__Exercise aim__:
Your copy should hold only the lines from the one with "hohes C Fruchtig &leicht" to the one with "en tweede toilet;", both included, each exactly as it stands below, with no pictures.

__Exercise data__:
---

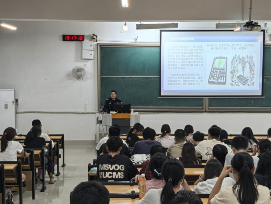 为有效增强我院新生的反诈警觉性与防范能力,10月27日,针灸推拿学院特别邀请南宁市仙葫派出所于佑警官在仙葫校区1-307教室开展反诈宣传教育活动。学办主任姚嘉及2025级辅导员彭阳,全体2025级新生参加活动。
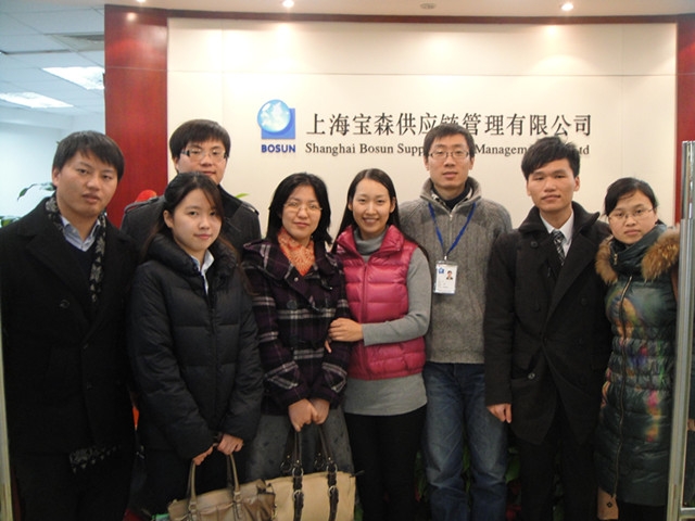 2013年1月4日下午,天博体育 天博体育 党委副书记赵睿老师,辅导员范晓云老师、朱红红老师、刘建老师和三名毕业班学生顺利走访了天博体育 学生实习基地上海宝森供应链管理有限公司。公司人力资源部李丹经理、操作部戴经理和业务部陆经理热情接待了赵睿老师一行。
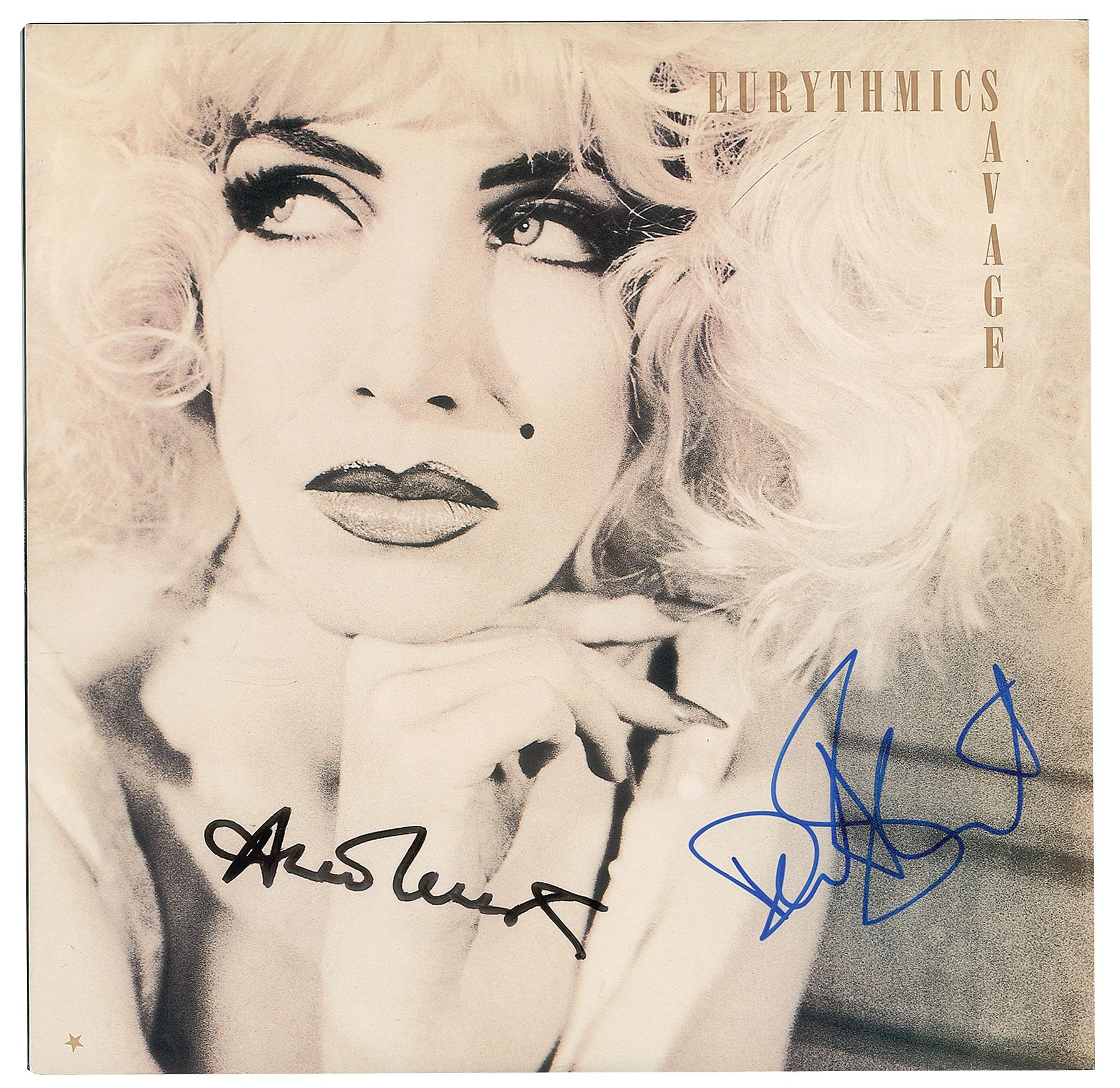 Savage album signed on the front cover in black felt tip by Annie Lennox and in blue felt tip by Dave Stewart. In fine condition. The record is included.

---

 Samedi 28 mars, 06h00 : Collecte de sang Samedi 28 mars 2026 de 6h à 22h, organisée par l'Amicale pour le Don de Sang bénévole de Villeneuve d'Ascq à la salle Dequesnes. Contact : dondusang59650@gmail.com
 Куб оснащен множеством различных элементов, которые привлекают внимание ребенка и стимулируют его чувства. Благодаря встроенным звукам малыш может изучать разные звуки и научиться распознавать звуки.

---

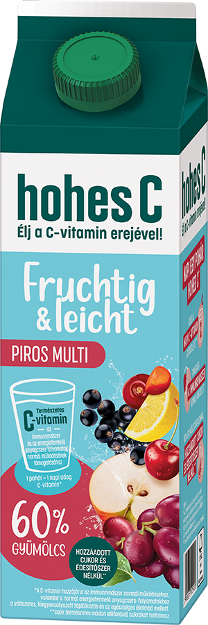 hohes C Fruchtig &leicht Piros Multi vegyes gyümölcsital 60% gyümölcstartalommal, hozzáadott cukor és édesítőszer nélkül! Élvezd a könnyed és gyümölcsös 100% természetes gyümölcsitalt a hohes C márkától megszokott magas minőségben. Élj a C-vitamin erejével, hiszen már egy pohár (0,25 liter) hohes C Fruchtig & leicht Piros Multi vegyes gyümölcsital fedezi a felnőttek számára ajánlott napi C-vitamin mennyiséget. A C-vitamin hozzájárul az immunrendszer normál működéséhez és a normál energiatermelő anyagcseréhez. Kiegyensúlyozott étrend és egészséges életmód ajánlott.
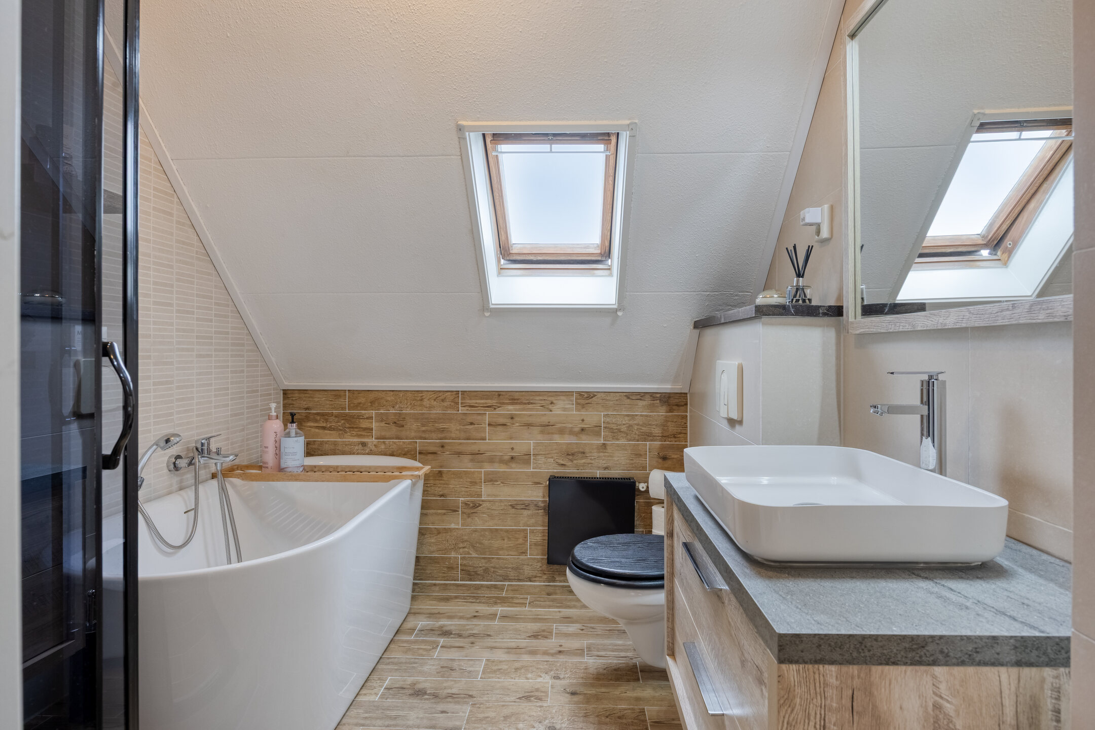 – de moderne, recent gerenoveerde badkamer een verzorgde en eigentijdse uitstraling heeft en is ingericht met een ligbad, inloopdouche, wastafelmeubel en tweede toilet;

---

__Solution below__:
 hohes C Fruchtig &leicht Piros Multi vegyes gyümölcsital 60% gyümölcstartalommal, hozzáadott cukor és édesítőszer nélkül! Élvezd a könnyed és gyümölcsös 100% természetes gyümölcsitalt a hohes C márkától megszokott magas minőségben. Élj a C-vitamin erejével, hiszen már egy pohár (0,25 liter) hohes C Fruchtig & leicht Piros Multi vegyes gyümölcsital fedezi a felnőttek számára ajánlott napi C-vitamin mennyiséget. A C-vitamin hozzájárul az immunrendszer normál működéséhez és a normál energiatermelő anyagcseréhez. Kiegyensúlyozott étrend és egészséges életmód ajánlott.
 – de moderne, recent gerenoveerde badkamer een verzorgde en eigentijdse uitstraling heeft en is ingericht met een ligbad, inloopdouche, wastafelmeubel en tweede toilet;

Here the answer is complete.